‘Not on me to save the media industry’: Confessions of an early-career journalist leaving the industry

The header image shows a silhouette of a mans head.

This article is part of our Confessions series, in which we trade anonymity for candor to get an unvarnished look at the people, processes and problems inside the industry. More from the series →

“The Great Resignation” appears to be in full force this summer. My Twitter feed is laced with journalists announcing their exits, from their jobs and even the industry, citing burnout and the toll the pandemic has had on an already demanding career, made even more so by the pressure and extended uncertainty caused by the coronavirus pandemic and its insidious newcomer the delta variant.

In this edition of our Confessions series, in which we exchange anonymity for honesty, a former reporter at a major business publication talks about frustrations with its parent publishing company and its unwillingness to change and why he decided to leave for a tech company.

This interview has been lightly edited and condensed for clarity. 

I saw your recent announcement that you were leaving your job at a legacy news publication?

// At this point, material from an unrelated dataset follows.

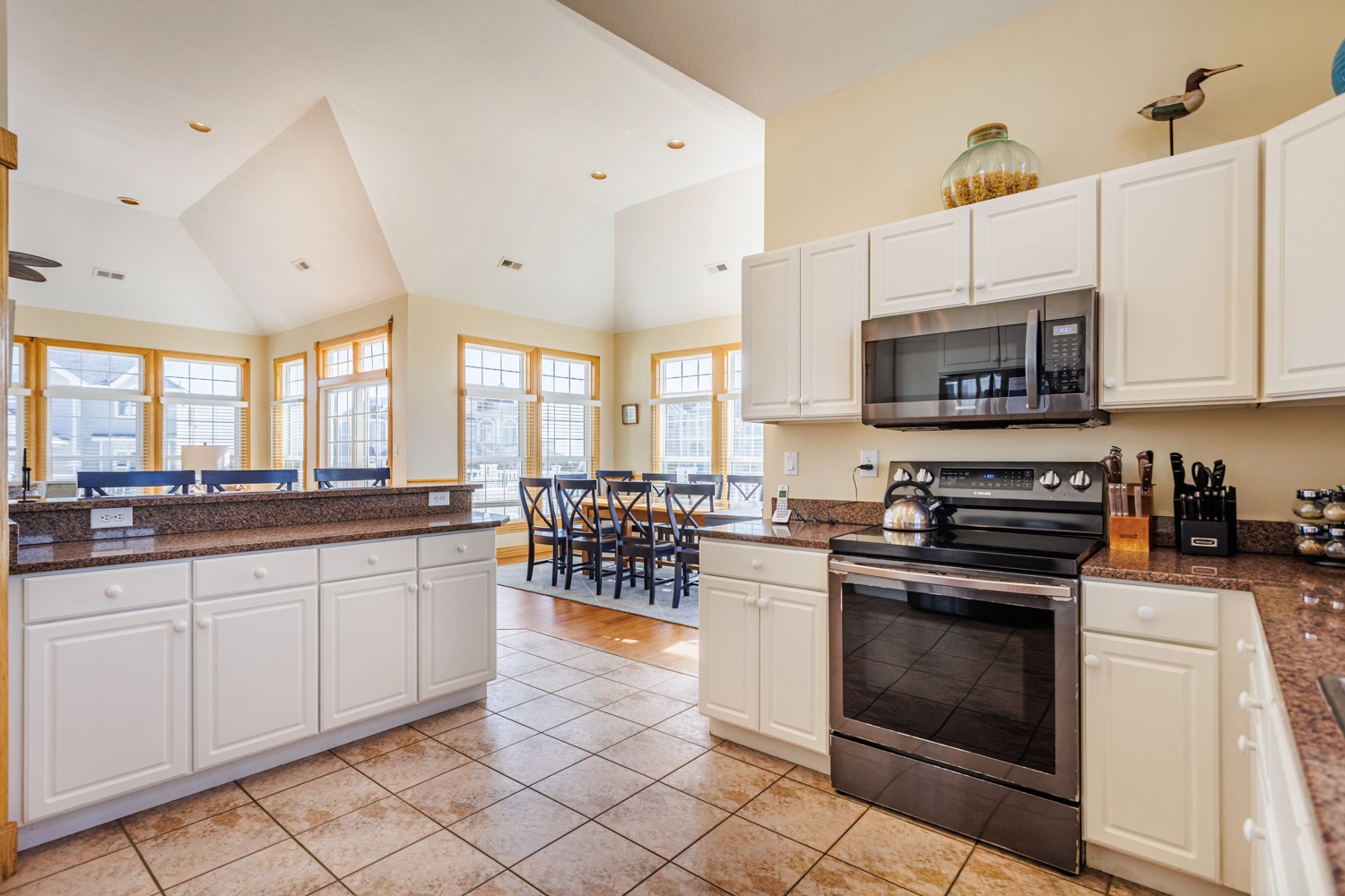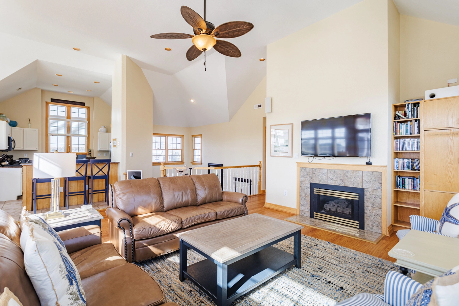 Great room with gas fireplace; kitchen; dining area.

It was my first full-time job out of college. I was there for over two years. It was really exciting. I started on a temporary contract, but there wasn’t much stability. I ended up switching teams within the company to start a magazine for young people. I had a full-time role with benefits — and I felt stable. But it crashed and burned. The pandemic didn’t help, but the project didn’t have the support that it needed to turn it into something big. 

The company wasn’t as open to change as they said they were. It was a constant frustration. They are bringing in young people to help and change the paradigm, but they didn’t utilize them in the most effective way with their talent. We had to conform to fit this mainstream publication. I was constantly contorting my ideas to fit what’s seen as an accessible and objective story by their editors and their audience. Then I realized: I don’t have to do that. The rest of my career doesn’t have to be that.

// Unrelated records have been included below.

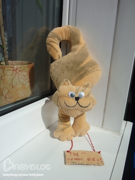 Шитье одежды, выкройки, ремонт одежды, шторы, швейные машины (уже приобретенные)Еще в апреле сшился котик в подарок одной хорошей рыжей девушке, моей любимой подружке! Она участвовала в конкурсе "Мисс Весна" и был подарен перед ним для поддержания боевого духа! Сшит полностью вручную. Ей очень понравился!
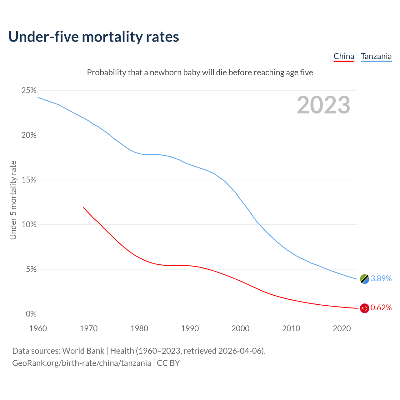 The chance that a newborn baby will die before reaching age five is 0.62% in China and 3.89% in Tanzania. Above is a chart with historical data on under-five mortality rates.
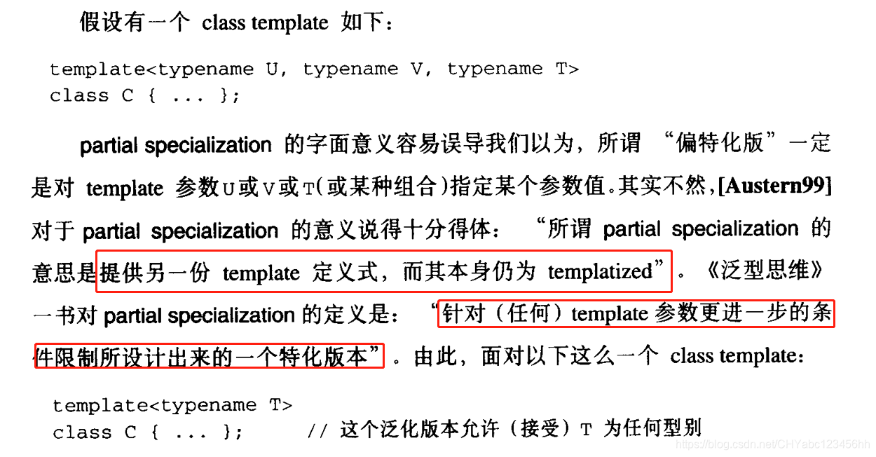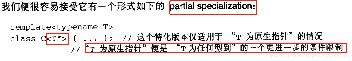 - 大致的意义是:如 果 class template拥有一个以上的 template参数,我们可以针对其中某个(或数个,但非全部)template参数进行特化工作。换句话说,我们可以在泛化设计中提供一个特化版本(也就是将泛化版本中的某些template参数赋予明确的指定)。

There was no urgency to change or adapt to the times. I didn’t want to stay on what felt like a sinking ship.

What’s sinking, in your opinion? That publication or the industry as a whole?

I mean, they’re a billion-dollar business. They’re going to be making lots of money for years to come. But their influence is eroding, and trust in them is eroding. In 10 years, I don’t see any mainstream publication being the voice that people are going to when they want to learn something. It’ll be smaller publications and independent actors online who have made names for themselves outside of the mainstream. We live in a society where we don’t need mainstream publications to share our perspectives. There’s less dependence on these institutions compared to previous generations.

So why did you decide to leave now?

I was looking for a new job for most of the year. I knew I didn’t want to work for a social media company because it’s similar to the mainstream media. There’s a lot of negative sentiment and scrutiny. I wanted to join an exciting industry, at a growing company. I’m making a lot more now than I was and more than I would have made if I’d worked at that publication for 10 years.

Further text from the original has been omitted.